Preferably, C_HThe C-terminal amino acid residue of domain 1 is derived from IgG 1. More preferably, C_HResidue 1 is a valine (V) residue or a conservative amino acid substitution such as leucine (L) or isoleucine (I). This residue is immediately adjacent to the hinge region and helps to increase the flexibility of the construct near the hinge region.

C_H2 and C_HThe sequence of domain 3 is preferably derived from Swissprot database accession No. PO 1857:

PELLGGPSVFLFPPKPKDTLMISRTPEVTCVVVDVSHEDPEVKFNWYVDGVEVHN

AKTKPREEQYNSTYRVVSVLTVLHQDWLNGKEYKCKVSNKALPAPIEKTISKAKG

QPREPQVYTLPPSRDELTKNQVSLTCLVKGFYPSDIAVEWESNGQPENNYKTTPPV

LDSDGSFFLYSKLTVDKSRWQQGNVFSCSVMHEALHNHYTQKSLSLSPGK

(SEQ ID No：63)。

the domain antibody construct may be derivatized or linked to another functional molecule. For example, a domain antibody construct may be functionally linked by chemical coupling, genetic fusion, non-covalent binding, or other means to one or more other molecular entities such as another antibody, a detectable agent, a cytotoxic agent, a pharmaceutical agent, and/or a protein or peptide that can mediate the binding of the antibody or antibody binding moiety to another molecule (e.g., a streptavidin core region or a polyhistidine tag).

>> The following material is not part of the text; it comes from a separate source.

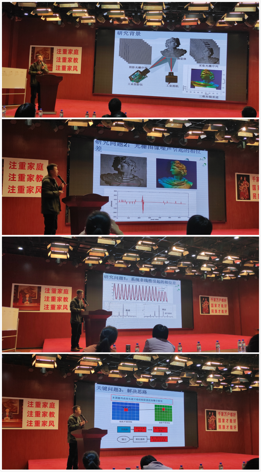 本次报告中,张申华博士结合自己的研究课题,介绍了光栅图像投影三维形貌测量中高精度相位提取的关键技术,针对如何提高相位质量问题,介绍了从测量系统非线性补偿、光栅图像盲去噪、反光及运动四个方面进行相位高精度提取的方法和途径。

Useful detectable agents from which the domain antibody constructs may be derived include fluorescent compounds. Exemplary fluorescently detectable reagents include fluorescein, fluorescein isothiocyanate, rhodamine, 5-dimethylamine-1-naphthalenesulfonyl chloride, phycoerythrin, and the like. The domain antibody constructs may also be derivatized with detectable enzymes such as alkaline phosphatase, horseradish peroxidase, glucose oxidase, and the like. When the domain antibody construct is derivatized with a detectable enzyme, it is detected by the addition of an additional reagent for the enzyme to produce a detectable reaction product. The domain antibody construct may also be derivatized with biotin and detected by indirect measurement of avidin or streptavidin binding.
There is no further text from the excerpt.